Your instructions> Taking the entries below, transcribe only the lines starting with the one with "Lysekrone i smedejern" and going on through the one with "No se debe sumergir", exactly as written, without the pictures.

Given records>

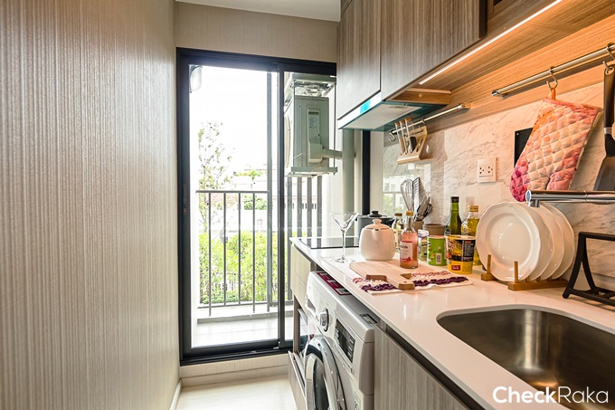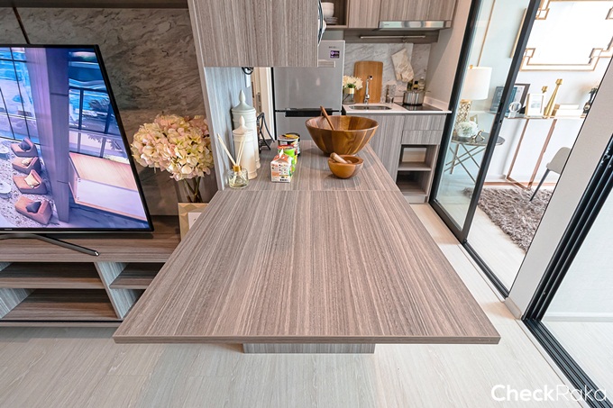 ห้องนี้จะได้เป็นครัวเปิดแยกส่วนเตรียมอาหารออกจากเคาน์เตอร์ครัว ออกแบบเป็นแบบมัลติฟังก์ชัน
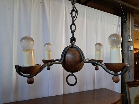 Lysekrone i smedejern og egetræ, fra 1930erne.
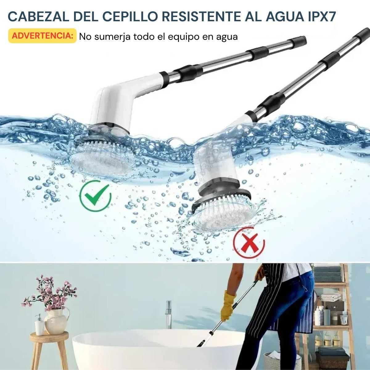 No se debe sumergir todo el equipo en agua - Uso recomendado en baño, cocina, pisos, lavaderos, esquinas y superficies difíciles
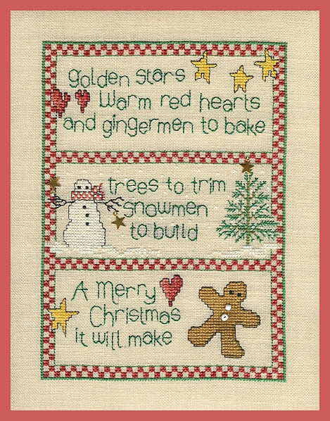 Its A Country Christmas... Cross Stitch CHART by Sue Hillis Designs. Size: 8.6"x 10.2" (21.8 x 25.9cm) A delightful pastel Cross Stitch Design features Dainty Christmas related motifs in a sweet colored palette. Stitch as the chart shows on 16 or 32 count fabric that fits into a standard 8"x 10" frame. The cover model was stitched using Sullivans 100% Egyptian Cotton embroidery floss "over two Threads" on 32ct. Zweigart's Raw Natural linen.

...

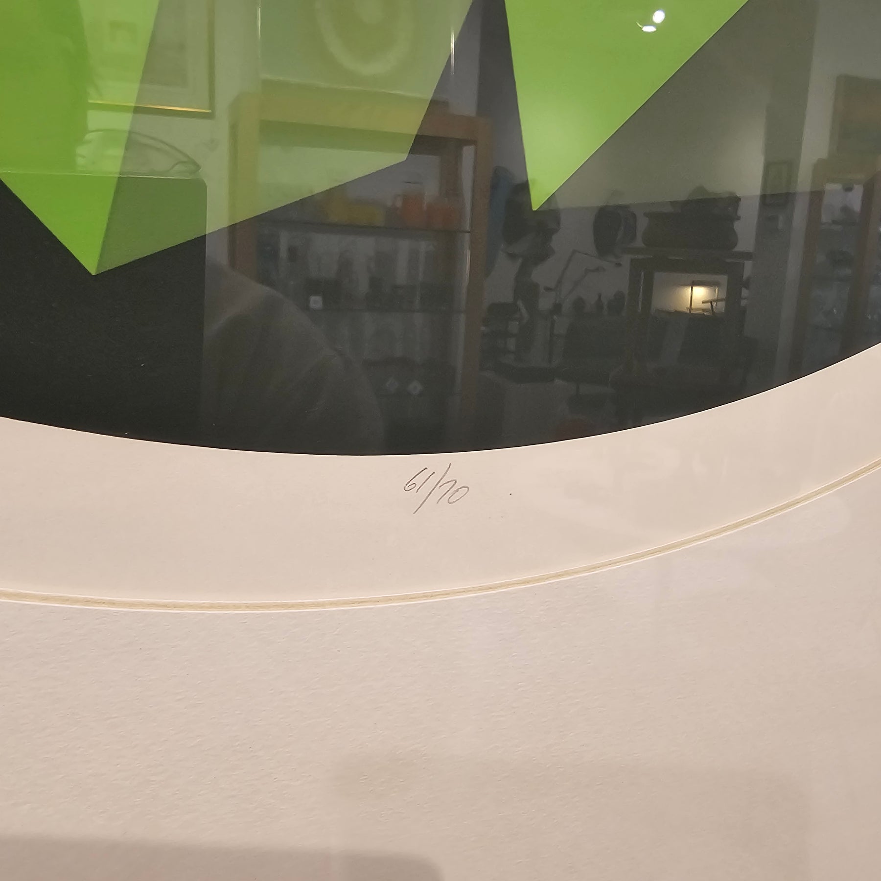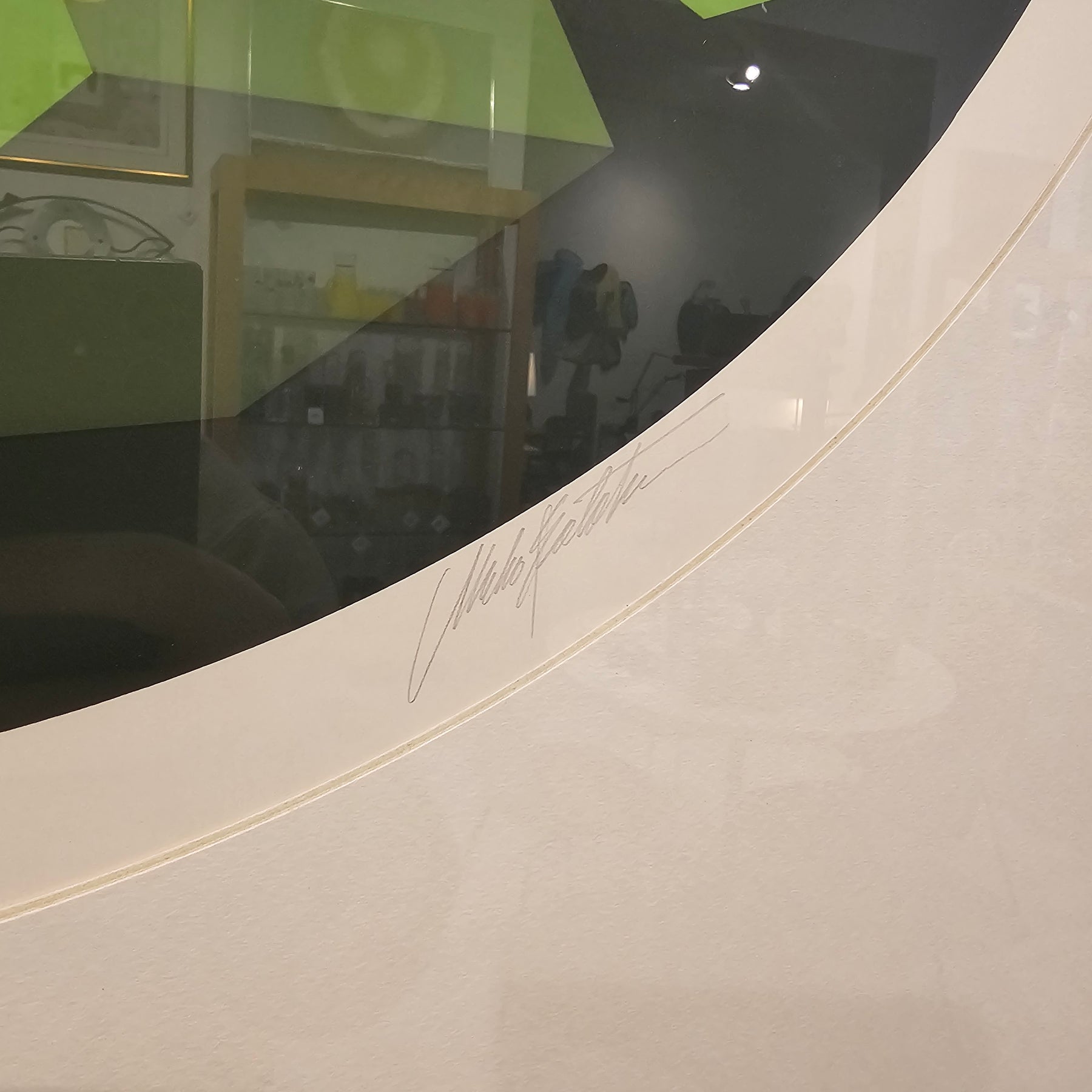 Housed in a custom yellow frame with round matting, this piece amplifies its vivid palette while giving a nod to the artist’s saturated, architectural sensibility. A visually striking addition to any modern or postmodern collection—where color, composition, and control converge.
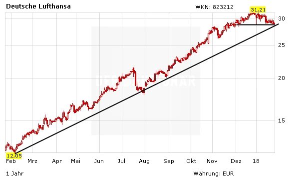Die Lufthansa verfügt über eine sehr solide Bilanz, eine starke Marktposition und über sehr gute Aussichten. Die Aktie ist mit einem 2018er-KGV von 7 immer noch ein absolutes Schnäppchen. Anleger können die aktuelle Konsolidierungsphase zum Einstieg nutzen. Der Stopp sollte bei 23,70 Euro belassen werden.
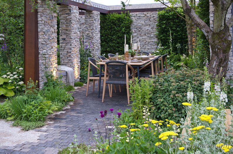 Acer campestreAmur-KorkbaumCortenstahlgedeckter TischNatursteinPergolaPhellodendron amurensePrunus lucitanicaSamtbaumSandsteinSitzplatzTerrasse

Answer to this problem>
 Lysekrone i smedejern og egetræ, fra 1930erne.
 No se debe sumergir todo el equipo en agua - Uso recomendado en baño, cocina, pisos, lavaderos, esquinas y superficies difíciles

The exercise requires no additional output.